Case ID: ad2d_306/html/0801-01.html
Source: Caselaw Access Project
Author: {"author": "", "license": "Public Domain", "url": "https://static.case.law/"}
Date Created: 2024-08-24T03:29:51.129683

Fourth Department,
    June, 2003
    (June 13, 2003)
    The People of the State of New York, Respondent, v Terry B. Minter, Appellant.
    [760 NYS2d 806]
   —Appeal from an order of Monroe County Court (Connell, J.), entered January 17, 2002, which denied defendant’s CPL article 440 motion seeking to vacate the judgment of conviction.

It is hereby ordered that the order so appealed from be and the same hereby is unanimously affirmed.

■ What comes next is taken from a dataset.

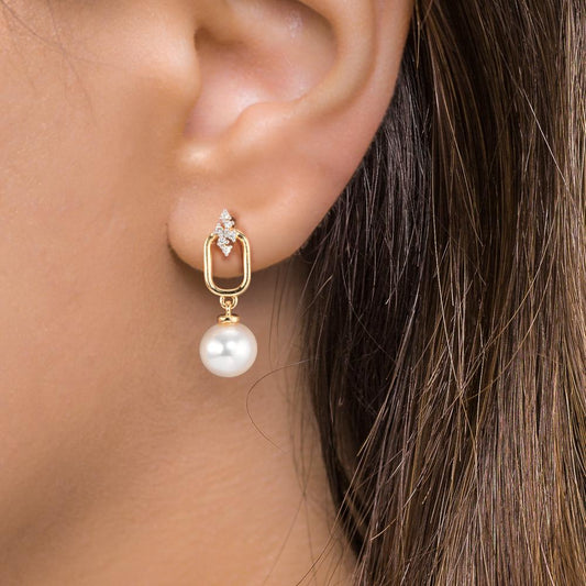 Pendant d'oreilles Or jaune 18K Diamant 0.05 ct, 12 Pierres, w-si perle d'eau douce, 2 Perles 7-7.5 mm

Memorandum: Although County Court properly denied defendant’s CPL article 440 motion seeking to vacate the judgment of conviction, we conclude that the court erred in its reasoning. Defendant contends, inter alia, that his plea of guilty to burglary in the first degree in exchange for a term of incarceration not to exceed 12 years was not knowing and voluntary because the court failed to advise him. of the mandatory period of postrelease supervision at the time of the plea. When defendant raised that contention on his direct appeal from the judgment of conviction, we noted in our decision therein that his contention was not preserved for our review, and we declined to exercise our power to review it as a matter of discretion in the interest of justice (People v Minter, 295 AD2d 927 [2002], lv denied 98 NY2d 712 [2002]). The court should have denied defendant’s motion pursuant to CPL 440.10 (2) (b) because defendant’s direct appeal from the judgment of conviction was pending at the time of the motion and there were sufficient facts in the record to permit adequate review of defendant’s contention on the direct appeal. Instead, the court denied the motion as a matter of law, relying upon our decision in People v Bloom (269 AD2d 838 [2000],. lv denied 94 NY2d 945 [2000]). The court’s reliance on Bloom was misplaced. In Bloom (269 AD2d at 838), we determined that there was no need for the sentencing court to specify a period of postrelease supervision inasmuch as, pursuant to Penal Law § 70.45 (2), the period of postrelease supervision is five years unless a shorter period is specified by the court. Present — Pigott, Jr., P.J., Wisner, Scudder, Burns and Gorski, JJ.